The Montana Shooting Sports Association is looking to intervene in a lawsuit filed by the city of Missoula against state Attorney General Tim Fox, saying its members’ constitutional rights may be impaired if the ordinance takes effect.

Filed in Missoula District Court last week, the organization's brief claims that Fox, in his answer to the city's lawsuit, failed to defend the individual rights of MSSA members under the Montana Constitution and the Montana Human Rights Act.

“The AG makes no effort whatsoever to protect MSSA members' individual rights – none,” the suit contends. “The lack of all effort to do so eliminates any idea that the AG will do so in an adequate manner.”

Last year, Fox determined that Missoula's recently passed ordinance requiring background checks for most gun sales and transfers was unenforceable. The city challenged that finding in April and filed a lawsuit in Missoula District Court.

Fox answered the city's suit last month, suggesting it lacked merit on nearly every count.

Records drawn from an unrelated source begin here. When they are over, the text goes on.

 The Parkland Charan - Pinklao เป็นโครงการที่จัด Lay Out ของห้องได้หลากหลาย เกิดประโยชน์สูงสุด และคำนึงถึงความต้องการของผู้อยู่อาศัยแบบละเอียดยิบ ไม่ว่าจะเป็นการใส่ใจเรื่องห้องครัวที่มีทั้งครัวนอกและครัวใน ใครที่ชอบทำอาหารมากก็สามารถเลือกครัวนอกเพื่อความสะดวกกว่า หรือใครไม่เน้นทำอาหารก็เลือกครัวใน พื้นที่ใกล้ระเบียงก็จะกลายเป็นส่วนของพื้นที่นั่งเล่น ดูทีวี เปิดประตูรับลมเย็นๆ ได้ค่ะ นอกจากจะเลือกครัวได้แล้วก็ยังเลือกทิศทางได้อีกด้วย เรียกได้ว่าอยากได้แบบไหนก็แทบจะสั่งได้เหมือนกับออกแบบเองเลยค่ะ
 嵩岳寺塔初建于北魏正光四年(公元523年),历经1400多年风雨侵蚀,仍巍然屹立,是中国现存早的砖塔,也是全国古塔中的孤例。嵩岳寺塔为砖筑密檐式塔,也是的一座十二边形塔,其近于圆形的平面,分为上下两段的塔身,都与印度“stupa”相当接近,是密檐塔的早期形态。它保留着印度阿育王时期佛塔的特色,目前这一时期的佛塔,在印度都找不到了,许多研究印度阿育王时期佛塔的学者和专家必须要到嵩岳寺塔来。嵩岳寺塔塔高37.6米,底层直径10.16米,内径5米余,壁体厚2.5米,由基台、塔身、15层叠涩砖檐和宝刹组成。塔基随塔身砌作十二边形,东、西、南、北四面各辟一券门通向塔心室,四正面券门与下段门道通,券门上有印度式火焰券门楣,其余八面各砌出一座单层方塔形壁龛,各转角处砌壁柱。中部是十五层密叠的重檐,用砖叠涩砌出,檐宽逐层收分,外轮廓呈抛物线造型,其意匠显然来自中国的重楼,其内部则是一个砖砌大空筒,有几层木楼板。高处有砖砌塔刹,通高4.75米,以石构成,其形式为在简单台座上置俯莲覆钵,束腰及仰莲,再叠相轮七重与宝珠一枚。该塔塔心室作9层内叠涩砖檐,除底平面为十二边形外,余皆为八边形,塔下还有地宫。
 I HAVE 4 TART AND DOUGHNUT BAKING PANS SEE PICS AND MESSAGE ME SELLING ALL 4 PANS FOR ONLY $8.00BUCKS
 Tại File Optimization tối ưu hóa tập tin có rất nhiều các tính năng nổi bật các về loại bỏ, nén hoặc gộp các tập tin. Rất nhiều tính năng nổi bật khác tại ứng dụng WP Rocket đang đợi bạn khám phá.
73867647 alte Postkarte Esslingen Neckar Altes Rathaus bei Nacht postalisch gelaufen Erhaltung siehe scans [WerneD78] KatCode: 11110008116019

But that didn't go far enough for the Montana Shooting Sports Association.

“The AG's answer makes no mention of the Montana Constitution, the Montana Human Rights Act or the U.S. Constitution,” the organization's brief contends. “Its defense is based solely on the collective rights under the AG's statutory interpretation of the general preemption issue. It is not based on the protection or vindication of any individual rights, constitutional, statutory or otherwise.”

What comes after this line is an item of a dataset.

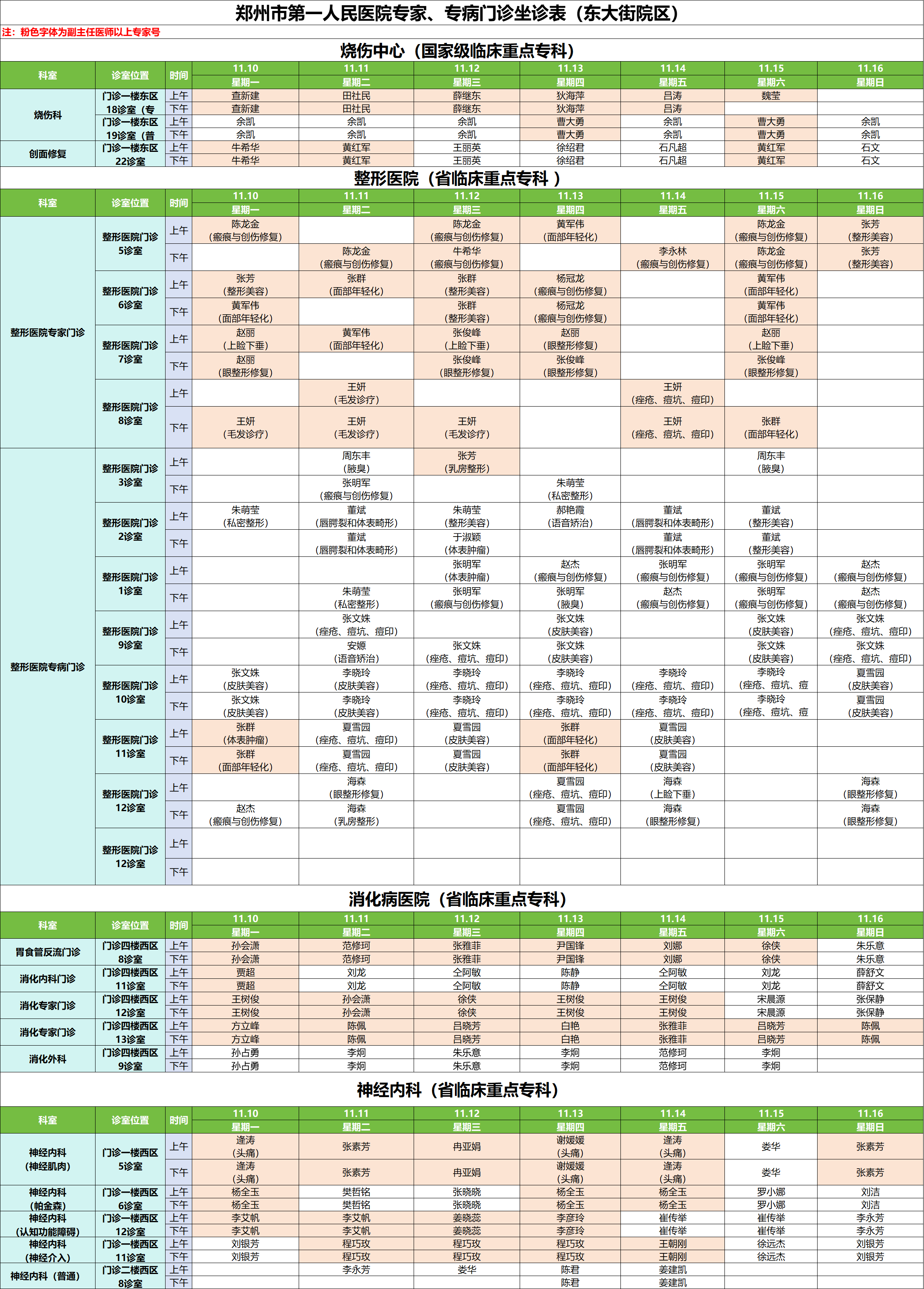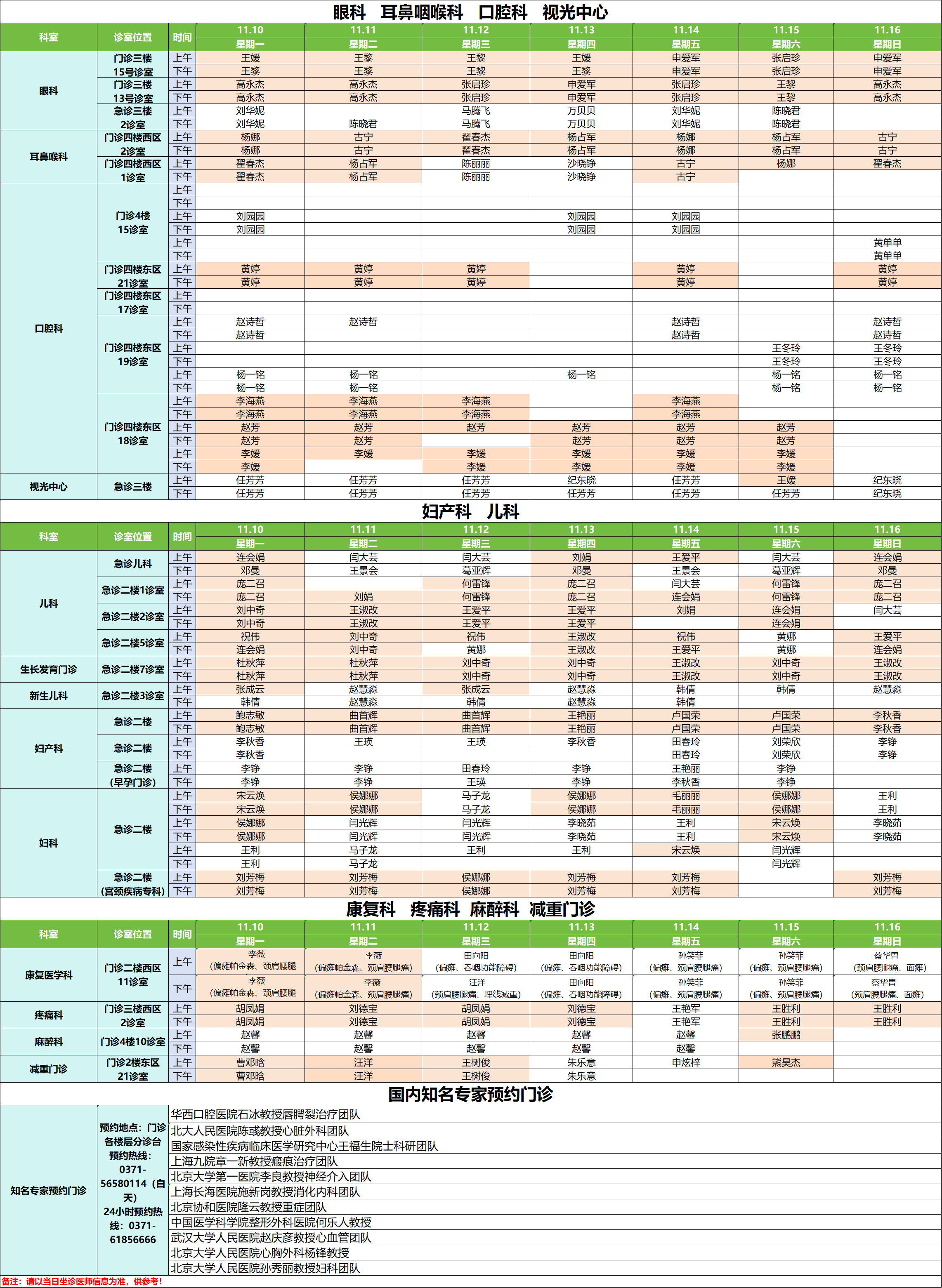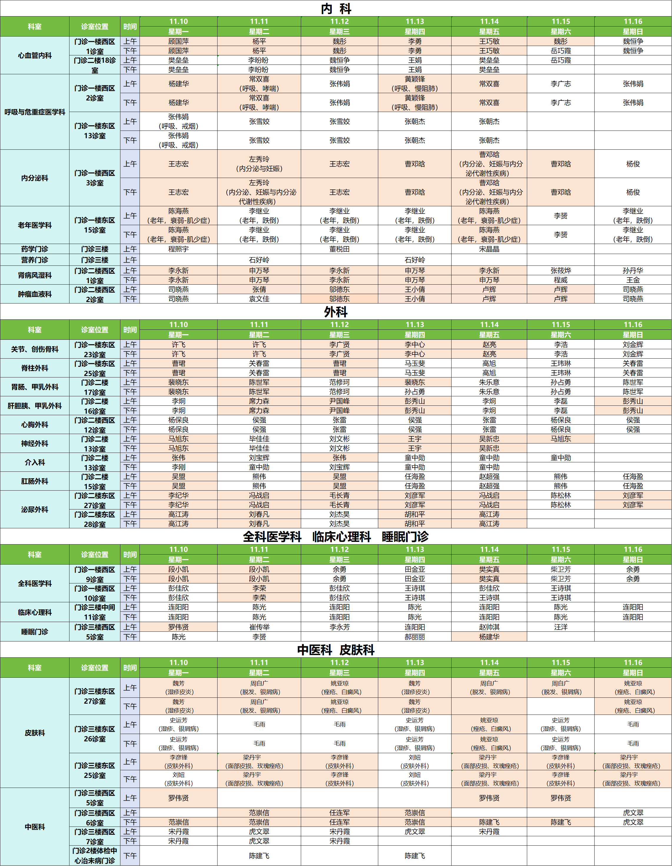 11月10日——11月16日门诊排班表

Gary Marbut, president of the MSSA, said Tuesday his organization was concerned that Fox's response to the city's lawsuit doesn't assert the rights granted to citizens under the state Constitution.

An intervention by MSSA in the suit would cover that undefended legal area and address what Marbut describes as the Bloomberg Ordinance.

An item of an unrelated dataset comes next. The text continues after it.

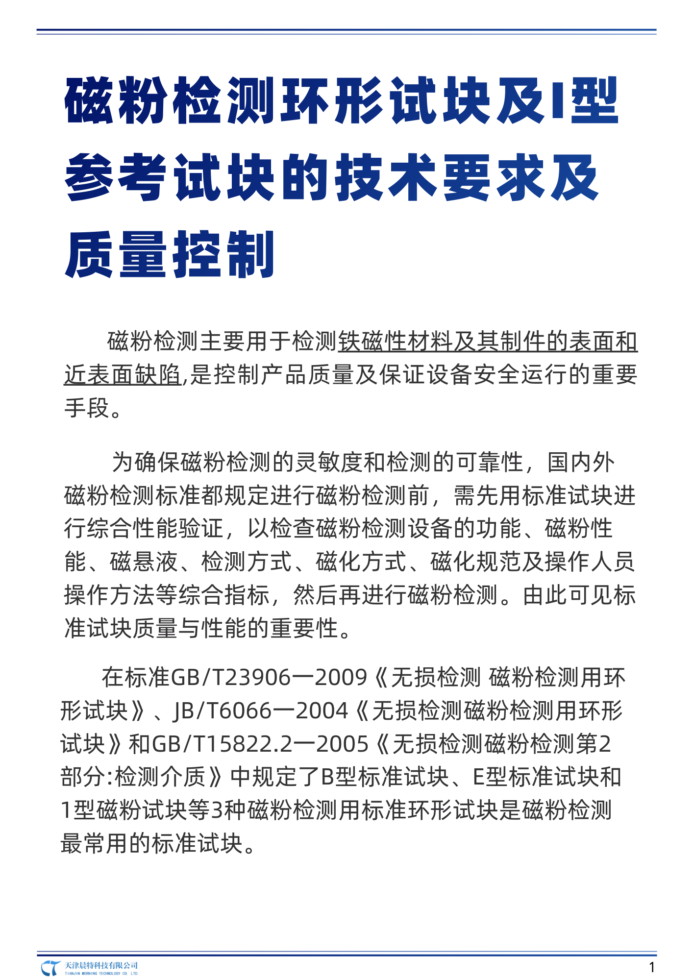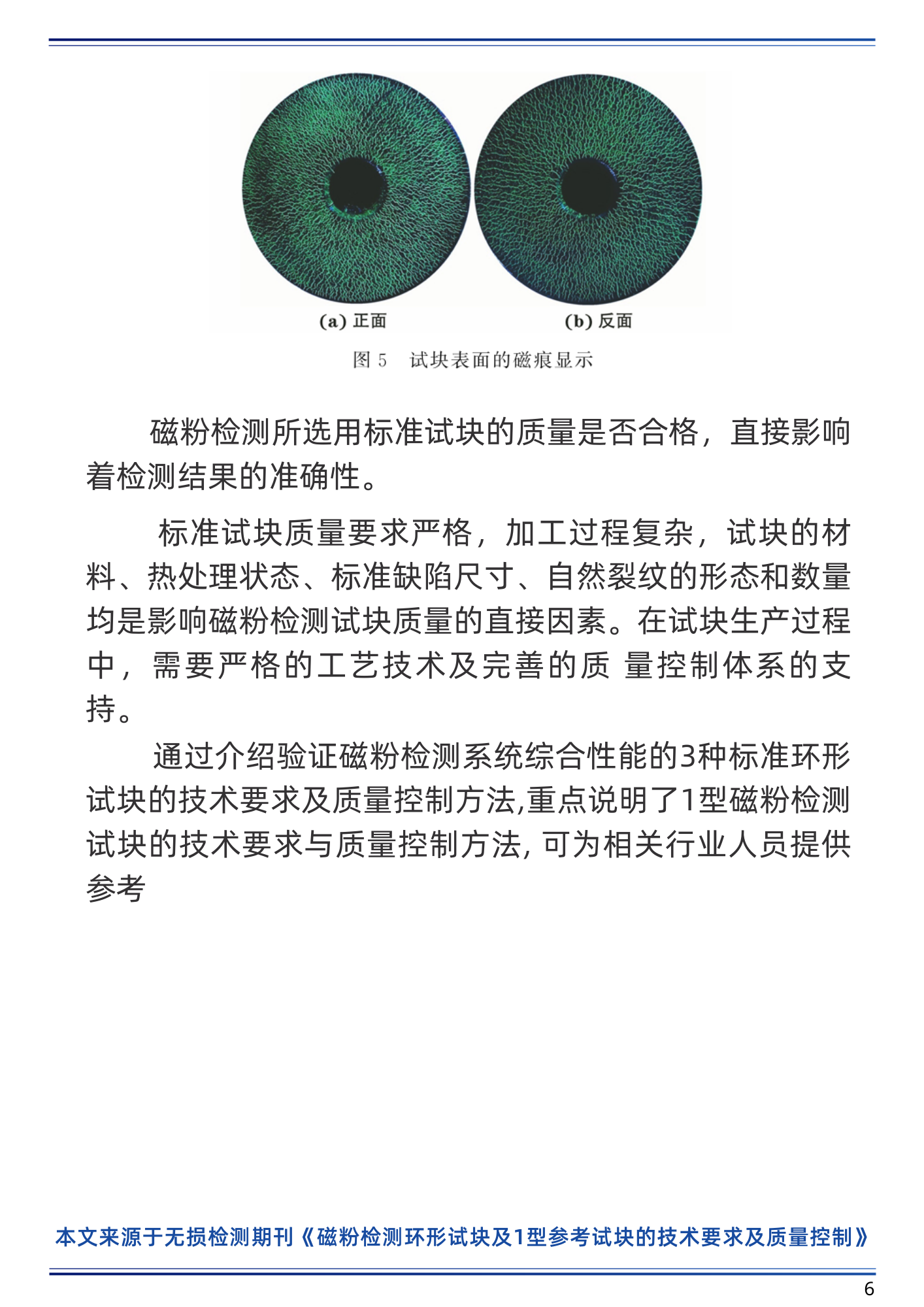 磁粉检测环形试块及I型参考试块的技术要求及质量控制

The MSSA brief suggests Missoula's ordinance is the creation of former New York City Mayor Michael Bloomberg and his lobby, Everytown for Gun Safety, which Marbut said offered the city legal advice when drafting its ordinance three years ago.

Everytown is representing the city in the case on a pro bono basis.

"This Bloomberg Ordinance is as loony as when the City Attorney assured the City Council years ago that the City could ban shooting everywhere within five miles of Missoula based on a century-old law that allowed cities to quarantine for tuberculosis,” Marbut said. “That ordinance was so bonkers that even Democrat Attorney General Mike Greeley ruled it to be in legal fantasy land."

Marbut, represented by attorney Quentin Rhoades, said the law allows MSSA to intervene and be represented in a lawsuit that affects its members, some of whom live inside the Missoula city limits and would fall under the ordinance's jurisdiction.

"MSSA believes that the Bloomberg Ordinance clearly will call into question the reserved and protected rights of MSSA members,” Marbut said.